From: vpillai <vpillai@...italocean.com>
Date: Wed, 4 Sep 2019 18:22:55 +0000
Subject: [RFC PATCH 2/2] Use coresched_idle to force idle a sibling

Currently we use idle thread to force idle on a sibling. Lets
use the new coresched_idle thread that scheduler sees a valid
task during force idle.
---
 kernel/sched/core.c | 66 ++++++++++++++++++++++++++++++++++++++-------
 1 file changed, 56 insertions(+), 10 deletions(-)

diff --git a/kernel/sched/core.c b/kernel/sched/core.c
index fe560739c247..e35d69a81adb 100644
--- a/kernel/sched/core.c
+++ b/kernel/sched/core.c
@@ -244,23 +244,33 @@ static int __sched_core_stopper(void *data)

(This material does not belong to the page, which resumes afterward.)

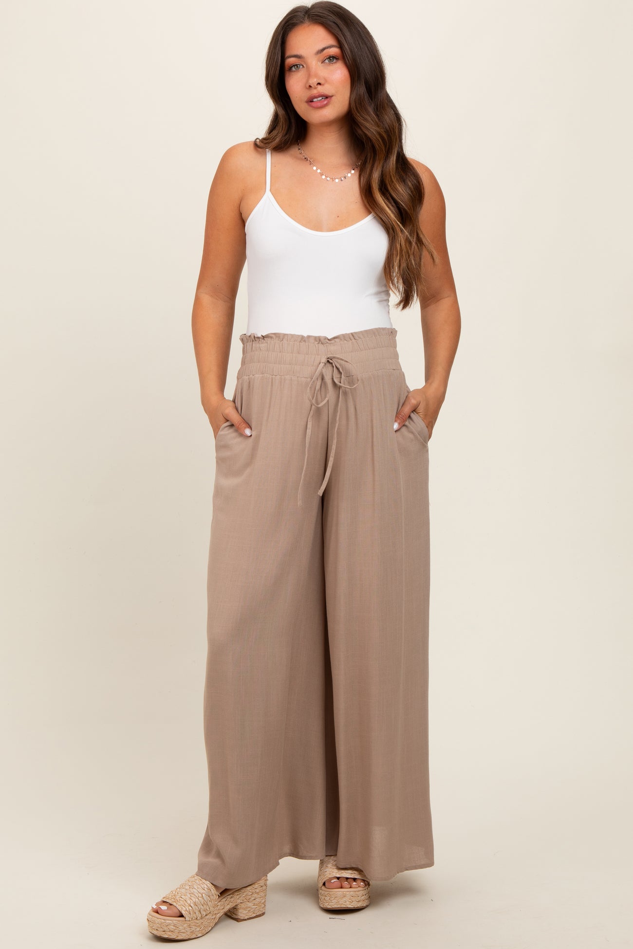 Taupe Wide Leg Smocked Lightweight Maternity Pants

 static DEFINE_MUTEX(sched_core_mutex);
 static int sched_core_count;
 
+static void coresched_idle_worker_init(struct rq *rq);
+static void coresched_idle_worker_fini(struct rq *rq);
 static void __sched_core_enable(void)
 {
+	int cpu;
+
 	// XXX verify there are no cookie tasks (yet)
 
 	static_branch_enable(&__sched_core_enabled);
 	stop_machine(__sched_core_stopper, (void *)true, NULL);
 
+	for_each_online_cpu(cpu)
+		coresched_idle_worker_init(cpu_rq(cpu));
 	printk("core sched enabled\n");
 }
 
 static void __sched_core_disable(void)
 {
+	int cpu;
+
 	// XXX verify there are no cookie tasks (left)
 
 	stop_machine(__sched_core_stopper, (void *)false, NULL);
 	static_branch_disable(&__sched_core_enabled);
 
+	for_each_online_cpu(cpu)
+		coresched_idle_worker_fini(cpu_rq(cpu));
 	printk("core sched disabled\n");
 }
 
@@ -3626,14 +3636,25 @@ __pick_next_task(struct rq *rq, struct task_struct *prev, struct rq_flags *rf)
 
 #ifdef CONFIG_SCHED_CORE
 
+static inline bool is_force_idle_task(struct task_struct *p)
+{
+	BUG_ON(task_rq(p)->core_idle_task == NULL);
+	return task_rq(p)->core_idle_task == p;
+}
+
+static inline bool is_core_idle_task(struct task_struct *p)
+{
+	return is_idle_task(p) || is_force_idle_task(p);
+}
+
 static inline bool cookie_equals(struct task_struct *a, unsigned long cookie)
 {
-	return is_idle_task(a) || (a->core_cookie == cookie);
+	return is_core_idle_task(a) || (a->core_cookie == cookie);
 }
 
 static inline bool cookie_match(struct task_struct *a, struct task_struct *b)
 {
-	if (is_idle_task(a) || is_idle_task(b))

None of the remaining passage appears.